Lake Effect Snow Warning
Issued when heavy lake effect snow is imminent or occurring.

Lake Effect Snow Advisory
Issued when the accumulation of lake effect snow will cause significant inconvenience.

Snow squalls
Intense, but of limited duration, periods of moderate to heavy snowfall, accompanied by strong, gusty surface winds and possibly lightning.

Wind chill
The additional cooling effect resulting from wind blowing on bare skin. The wind chill is based on the rate of heat loss from exposed skin caused by the combined effects of wind and cold. The (equivalent) wind chill temperature is the temperature the body "feels" for a certain combination of the wind and air temperature.

Wind Chill Advisory
Issued when wind chill temperatures are expected to be a significant inconvenience to life with prolonged exposure, and, if caution is not exercised, could lead to hazardous exposure.

Wind Chill Warning
Issued when wind chill temperatures are expected to be hazardous to life within several minutes of exposure.

Winter storm
A heavy snow event. A snow accumulation of more than six inches in 12 hours or more than 12 inches in 24 hours.

Winter storm warning
Issued when seven or more inches of snow or sleet is expected in the next 24 hours, or 1/2 inch or more of accretion of freezing rain is expected. A warning is used for winter weather conditions posing a threat to life and property.

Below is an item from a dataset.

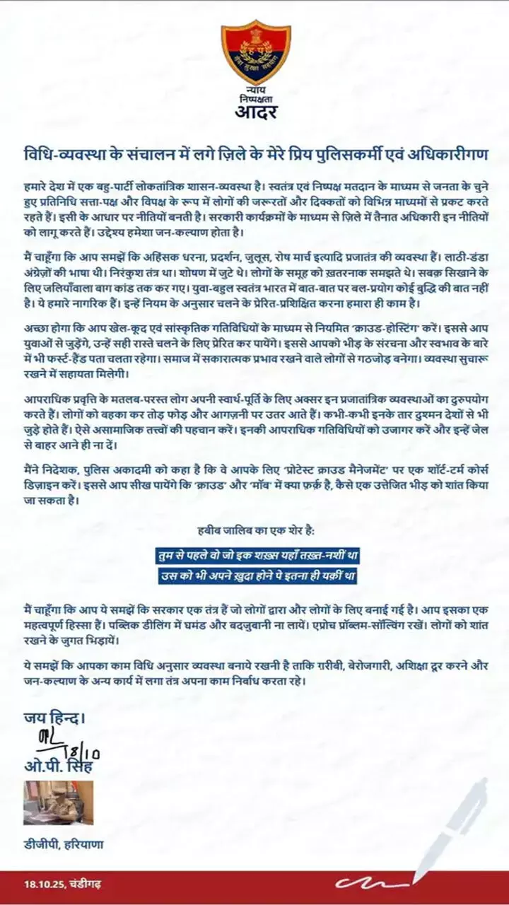 हरियाणा के नए कार्यवाहक कार्यभार संभालने के बाद से ही अफसरों को चिट्टी लिख रहे हैं। शुक्रवार को तीसरी चिट्टी लिखी। जिसमें ओपी सिंह ने पुलिस अधिकारियों को 'क्राउड' (भीड़) और 'मॉब' (उपद्रवी भीड़) का अंतर बताते हुए कहा कि पुलिसकर्मियों को भीड़ और उपद्रवी भीड़ के बीच अंतर समझाना और उन्हें कानून व्यवस्था बनाए रखने के दौरान उचित कार्रवाई करने के लिए मार्गदर्शित करना है। डीजीपी ने कानून व्यवस्था में लगे पुलिस अधिकारियों व कर्मचारियों को लिखा कि भारत एक बहु पार्टी लोकतांत्रित देश है। जहां स्वतंत्र और निष्पक्ष मतदान से जनता सत्तापक्ष और विपक्ष के लिए अपने प्रतिनिधियों का चुनाव करती है। जो जनता की जरूरतों और परेशानियों को अलग अलग माध्यमों से प्रकट करते हैं। उन्होंने चिट्ठी में लिखा कि लाठी डंडा निरंकुश तंत्र अंगेजों की भाषा थी। शांतिपूर्ण धरने, प्रदर्शन व रोष मार्च प्रजातांत्रिक व्यवस्था है। ऐसे में युवा बाहुल स्वतंत्र भारत में बात बात पर बल का प्रयोग करना बुद्धि की बात नहीं है। उन्होंने पुलिस अधिकारियों व कर्मचारियों को अधिकारियों को 6 बिंदुओं पर काम करने की सलाह दी।

Winter Storm Watch                                                                                                          Alerts the public to the possibility of a blizzard, heavy snow, heavy freezing rain, or heavy sleet. Winter Storm Watches are usually issued 12 to 48 hours before the beginning of a Winter Storm.

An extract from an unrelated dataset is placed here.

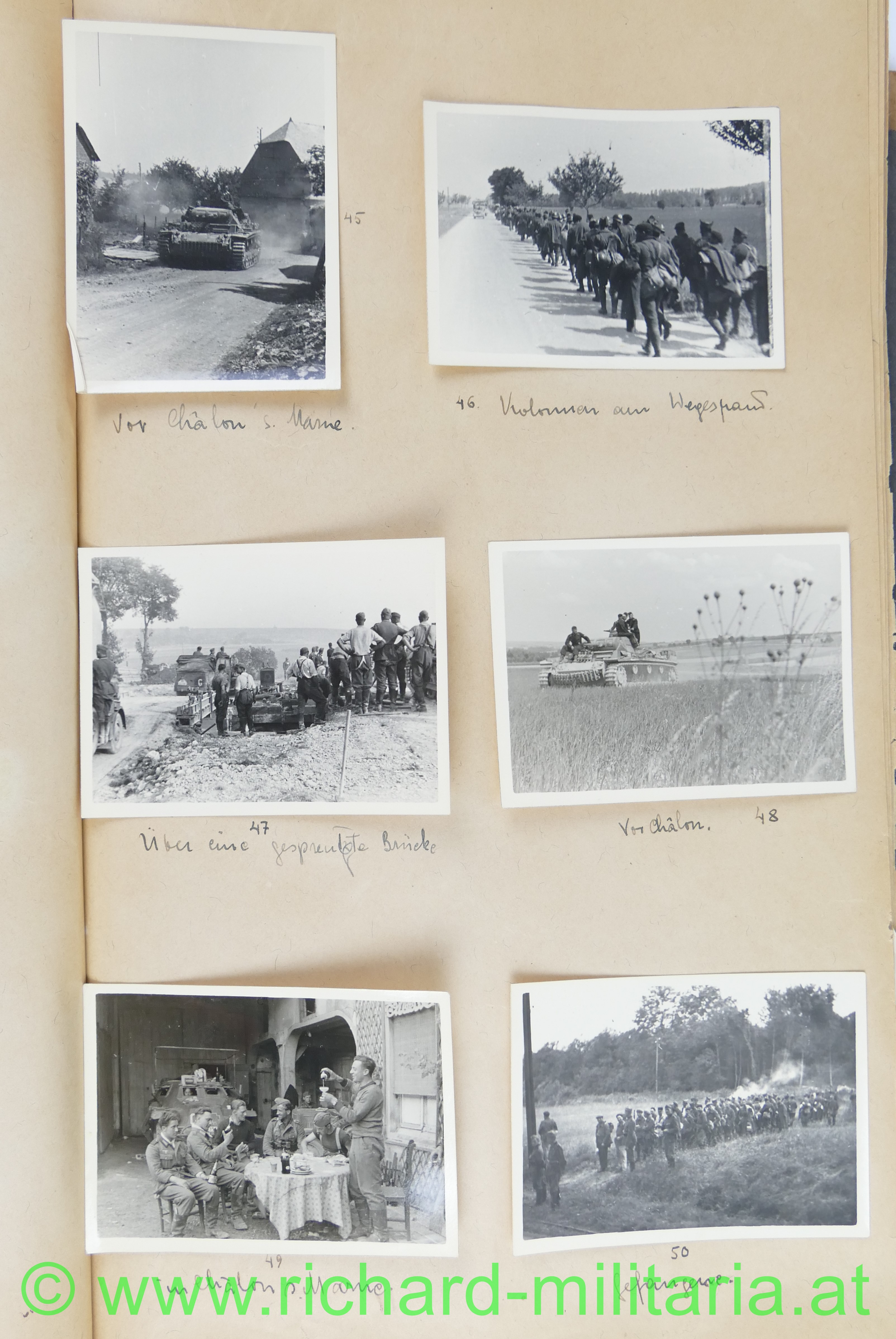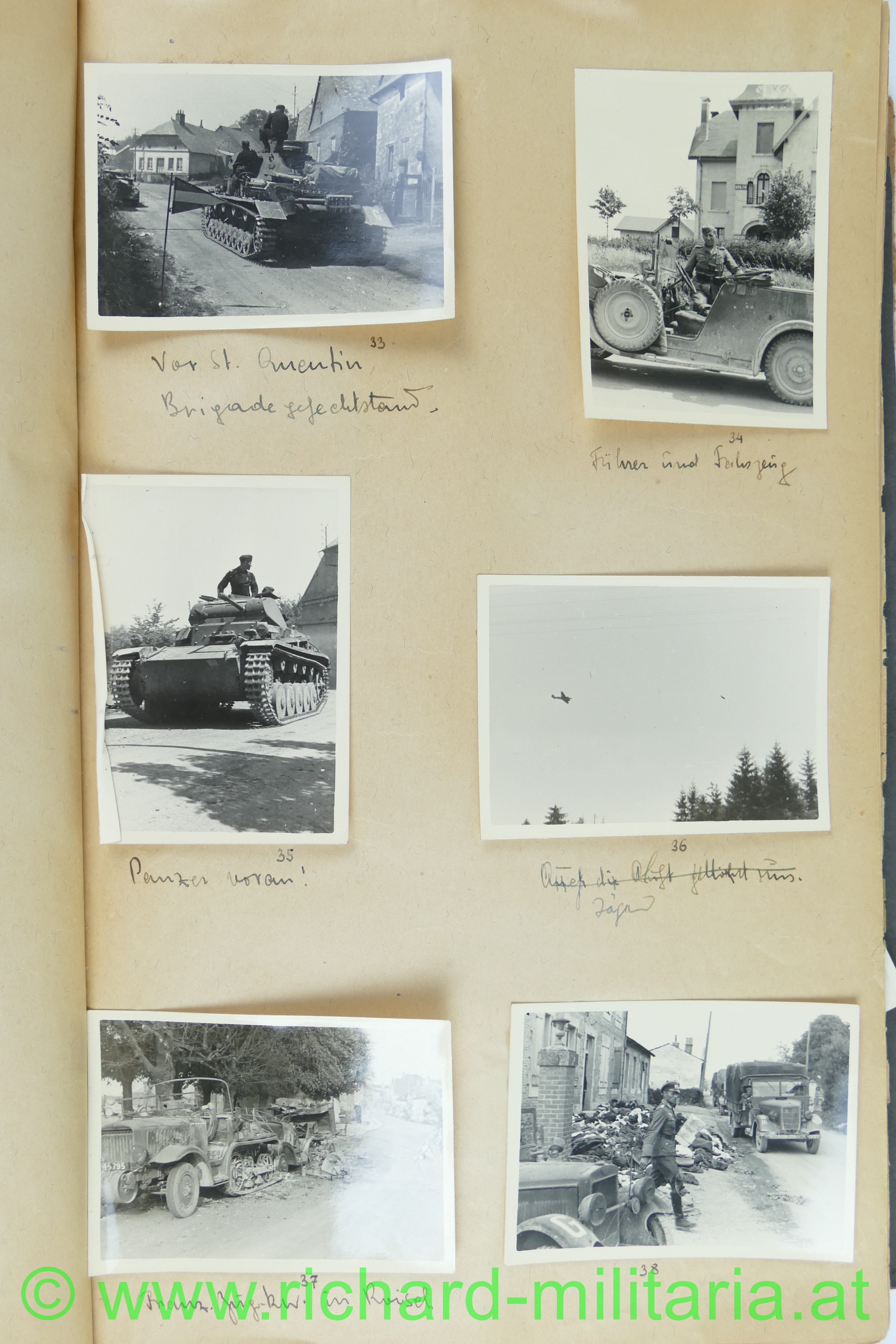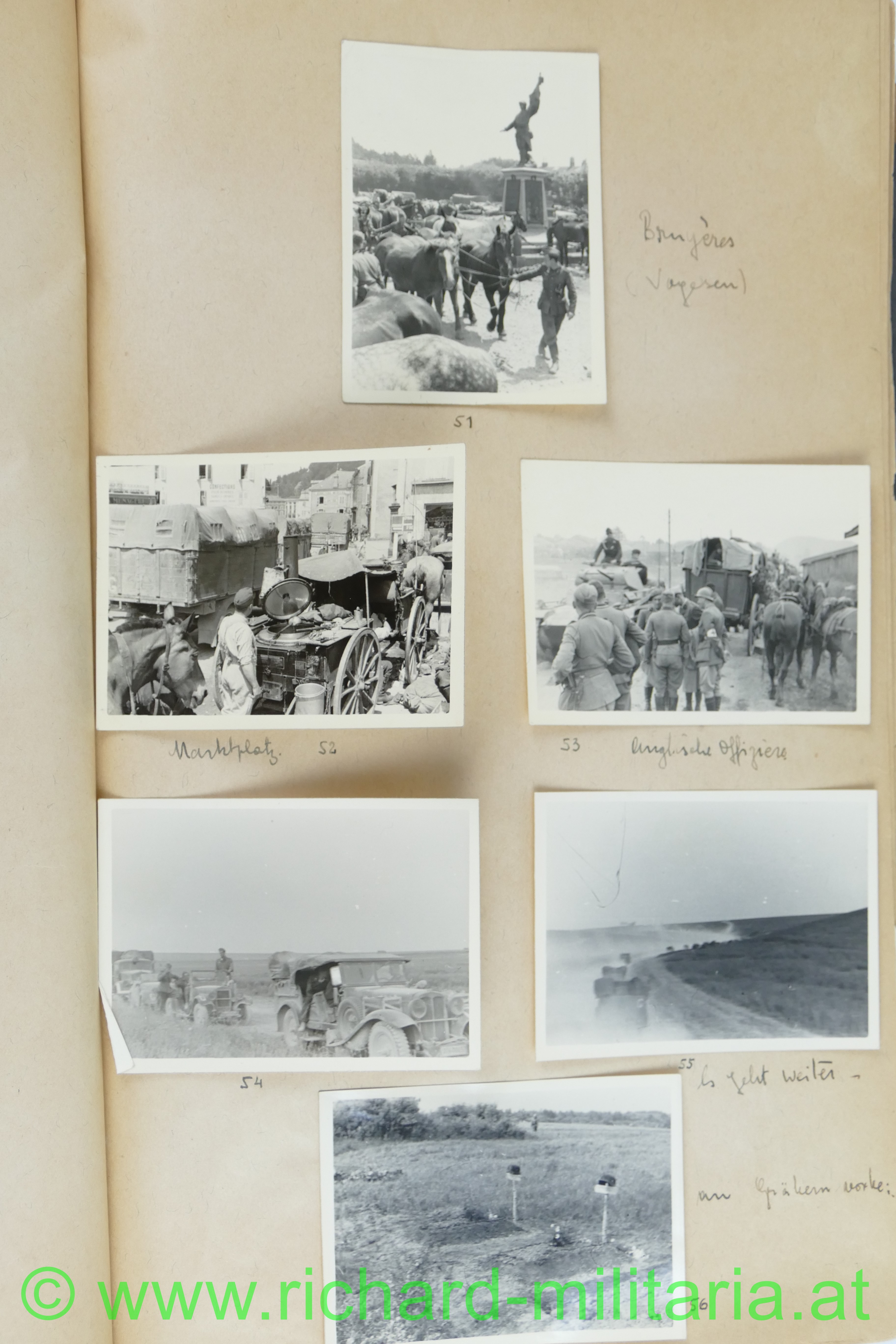 1. Album: Frankreichfeldzug, Siegesparade in Wien, Ausrüstung, Uniformen, deutscher Spähwagen, gefangene Belgier; deutsche Panzer, deutsche PAK, Marschkolonnen, Gefangenentransport, deutsche Soldatengräber, französische Panzer, Kradfahrer, Dornier 17, jubelnde Bevölkerung; Hochformat: 29,5 x 21 cm;

Winter Storm Outlook                                                                                                      Issued before a Winter Storm Watch. The Outlook is given when forecasters believe winter storm conditions are possible and are usually issued 3 to 5 days in advance of a winter storm.

Winter Weather Advisories
Issued for accumulations of snow, freezing rain, freezing drizzle, and sleet that will cause significant inconveniences and, if caution is not exercised, could lead to life-threatening situations.